Солнце уже высоко, по небу плывут редкие облака — безветрие. Глина под ногами снова сухая и потрескавшаяся — один день, а следов недавнего дождя как не бывало.
Боль в руке, сдавленной Момотом, невыносимая, поэтому и пялюсь то в небо, то под ноги, чтобы отвлечься. Не выходит.
Конвоир сволакивает меня с крыльца, тащит вперед, не ослабляя хватку. А впереди... Нас уже ждут.
Жители Птицефермы образовали собой живой круг во дворе. Когда мы приближаемся, они расступаются, пропуская, и я вижу Главу. Филин стоит в центре круга, заложив руки за спину, широко расставив ноги и приподняв подбородок — эдакий агрессивный вариант позы «вольно». Этот человек пришел сюда карать, и ему очень нравится его роль.
Впрочем, как и Момоту. Которому, как оказалось, тоже не чужда театральность: он с силой вталкивает меня в центр круга и отступает к остальным, а я падаю в прямом смысле к ногам Главы.
Кожа на моей руке пульсирует и наливается синевой, а приток крови вызывает новую порцию боли. Морщусь и поднимаюсь на ноги. Накрываю ладонью одной руки больное место на второй.
Смотрю в серую глину под ногами. Не хочу видеть Филина, не испытываю желания рассматривать собравшихся. И так знаю, что увижу на их лицах: у большинства — равнодушие, у других — облегчение от того, что это не они стоят сейчас в круге. Полагаю, у одного-двух на лицах все же будет написана жалось. Но ее я не хочу видеть больше всего.

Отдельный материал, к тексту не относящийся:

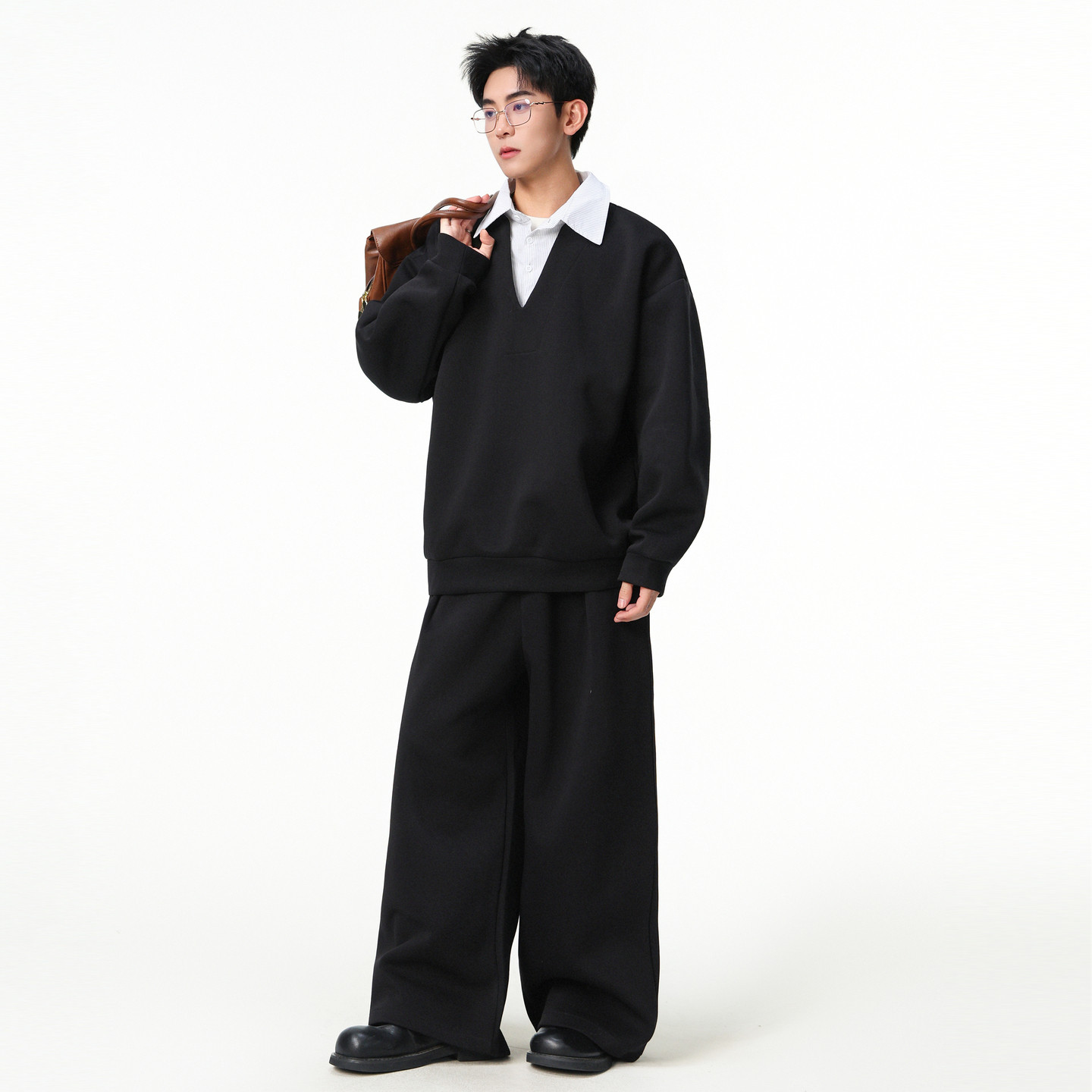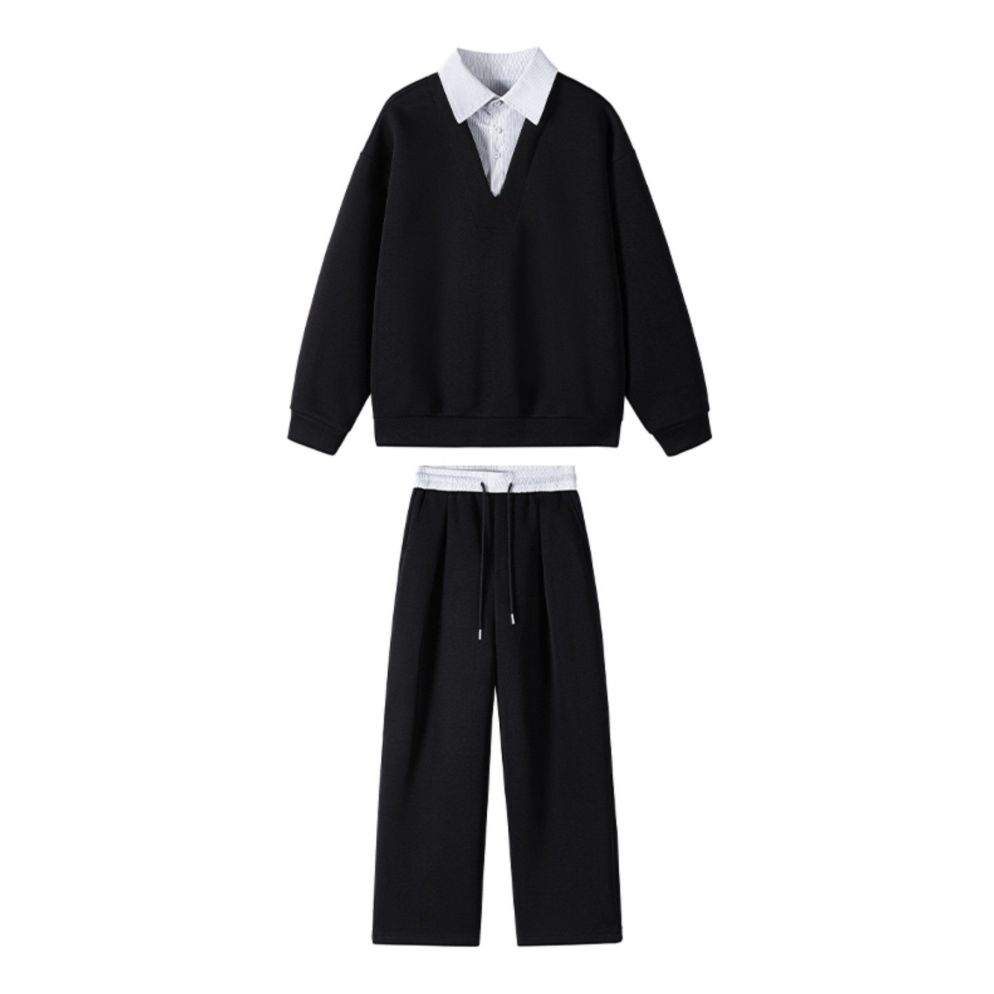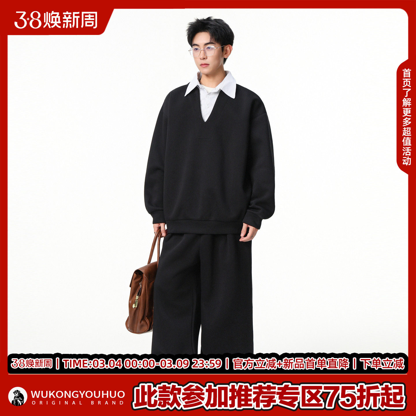 悟空有货假两件条纹衬衫领套头卫衣休闲套装男春秋宽松百搭两件套

Молчание гробовое, тишина почти полная. Мне даже кажется, что слышу дыхание стоящих вокруг людей.
Поэтому вздрагиваю от неожиданности, когда Филин вдруг громко хлопает в ладоши за моей спиной.
— Что ж, раз все в сборе, начинаем! — объявляет и подходит ближе. Не оборачиваюсь. — Гагара, тебе есть что сказать нам касательно того, что произошло вчера? — Тяжелая ладонь ложится на мое обнаженное из-за тонких бретелей сарафана плечо.
Прикосновение шершавой горячей руки настолько неприятно, что меня едва не передергивает.
Он хочет слез, оправданий, мольбы.
— Я уже все сказала, — отвечаю мрачно и коротко.
Пошел он.
— Лгать нехорошо. — Непроизвольно дергаюсь, потому что последнее слово Филин ласково произносит мне на ухо. Чувствую спиной жар его тела — теперь он стоит слишком близко. — За ложь ты будешь наказана.
Еле пересиливаю себя, чтобы остаться на месте. Играть в догонялки и бегать от Главы — глупо: из круга меня все равно не выпустят.
...Жилая комната. На диван небрежно наброшено пестрое покрывало с пушистой бахромой по краям. Чашка с недопитым чаем посреди невысокого столика.
Направляюсь к барной стойке, расположенной за диваном, который своей спинкой делит помещение на две зоны: гостиную и кухню, — когда меня сзади обнимают чьи-то руки.
— Эм, давай встречаться. Как пара. — Чужое дыхание щекочет ухо.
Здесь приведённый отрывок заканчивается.